Multiplex Automated Genome Engineering (MAGE), the Church lab’s new cell programming method that promises to give biotechnology – in particular synthetic biology – a powerful boost, made its public debut in the July issue of Nature. MAGE was developed by SynBERC graduate student Harris Wang and postdoctoral researcher Farren Isaacs, who used the platform to rapidly refine the design of a bacterium by editing multiple genes in parallel instead of targeting one gene at a time. They transformed E. coli cells into efficient bio-factories and optimized the production of a test compound (in this case lycopene) in three days—a feat that would take most biotech companies months or years.

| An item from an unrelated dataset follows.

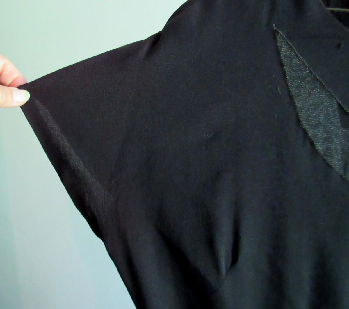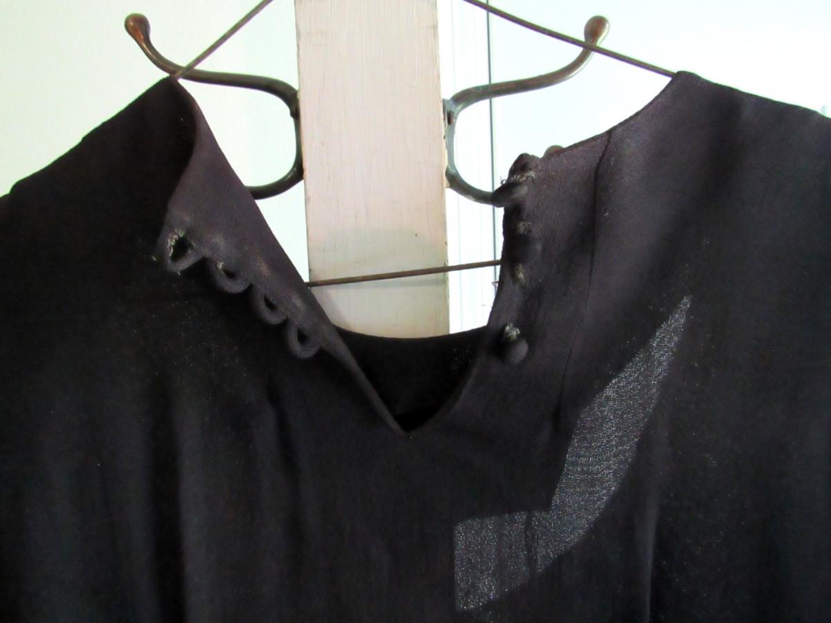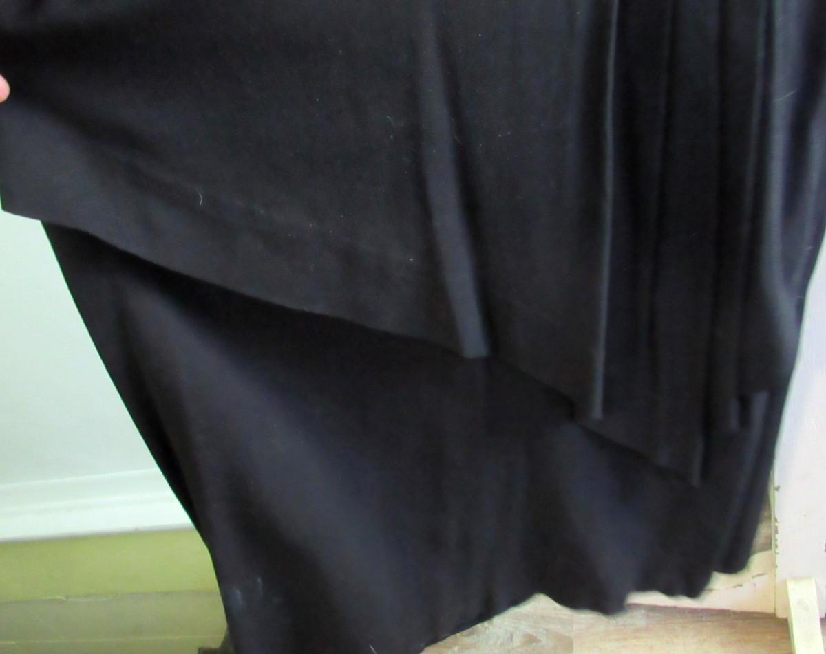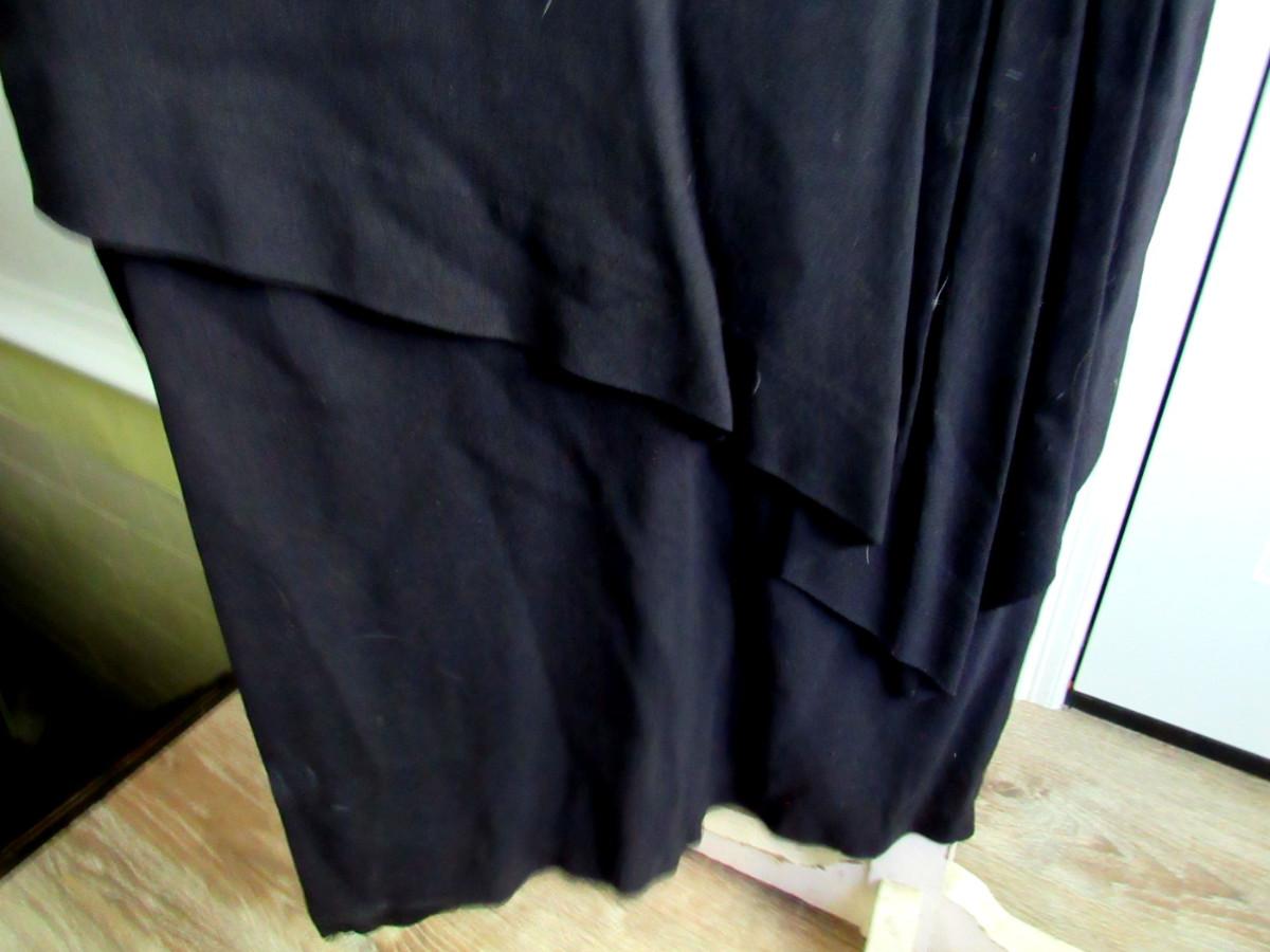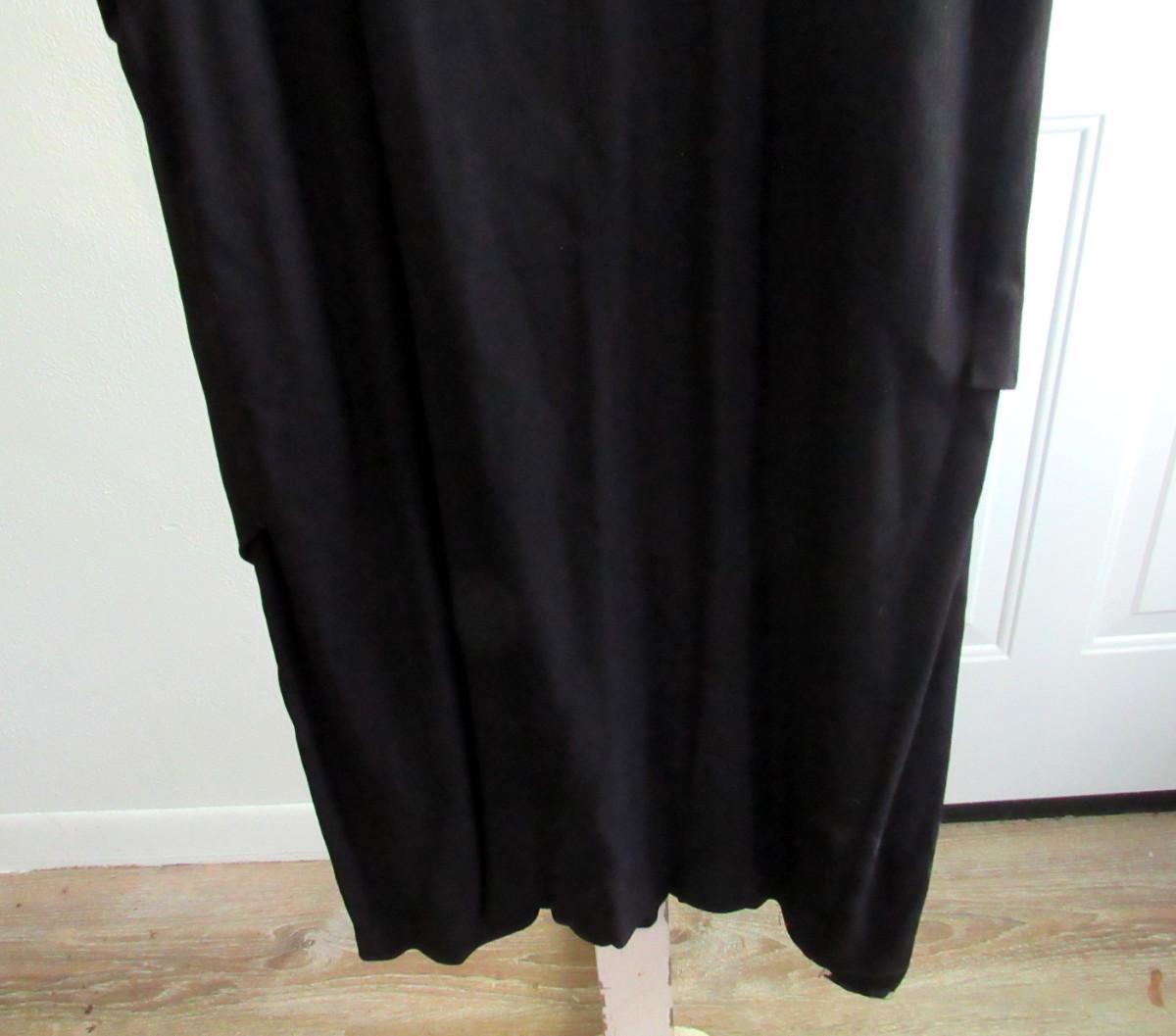 Appr 1940-50s. All black with a sheer black moon cutout on upper chest. Short sleeves, side pleats and asymmetrical ruffle on lower skirt section. Was very hard to photograph. .Back buttons at neckline, 1 missing, 2 loose, all loops intact. Side zipper good. No labels, size unknown. Measures about 17" shoulder to shoulder, about 18" at waist, about 48" long. Hem needs mending in spots. I don't see any holes or tears. Shipping is available at actual shipping cost plus $5.00 handling fee per box for supplies/labor. See our terms for details. All sales are final. Condition notes may not be all inclusive, we may miss some issues as most vintage items are not in mint condition and have some degree of wear, paint loss, etc, but we always try to note obvious damage.
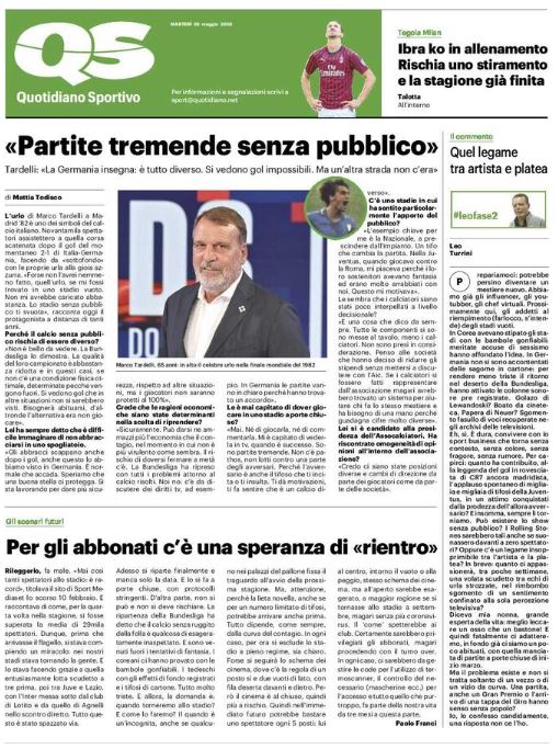 Anche l’edizione odierna del QS, nella sua apertura, pone l’accento sull’infortunio di Zlatan Ibrahimovic. "Tegola Milan. Ibra ko in allenamento", titola il Quotidiano Sportivo, che poi aggiunge in taglio alto: "Rischia uno stiramento e la stagione già finita". Rossoneri in ansia: gli esami a cui si sottoporrà lo svedese chiariranno la portata del problema fisico.

“We initiated the project to close the gap between DNA sequencing technology and cell programming technology,” explains graduate student Harris Wang, one of the first authors of the paper. Traditional in vitro and directed evolution methods have created useful genetic variants with laborious, serial manipulation of single genes, and are not used for parallel and continuous directed evolution of gene networks or genomes. The MAGE platform allows scientists to break free of linear genetic engineering techniques and move beyond the serial manipulation of single genes. “The goal was to use information gleaned from genetics and genomics to rapidly engineer new functions and improve existing functions in cells,” adds postdoctoral researcher Farren Isaacs, the other first author. “We wanted to develop a new tool and demonstrate how to apply it; we were determined to hand labs a hammer and a nail.”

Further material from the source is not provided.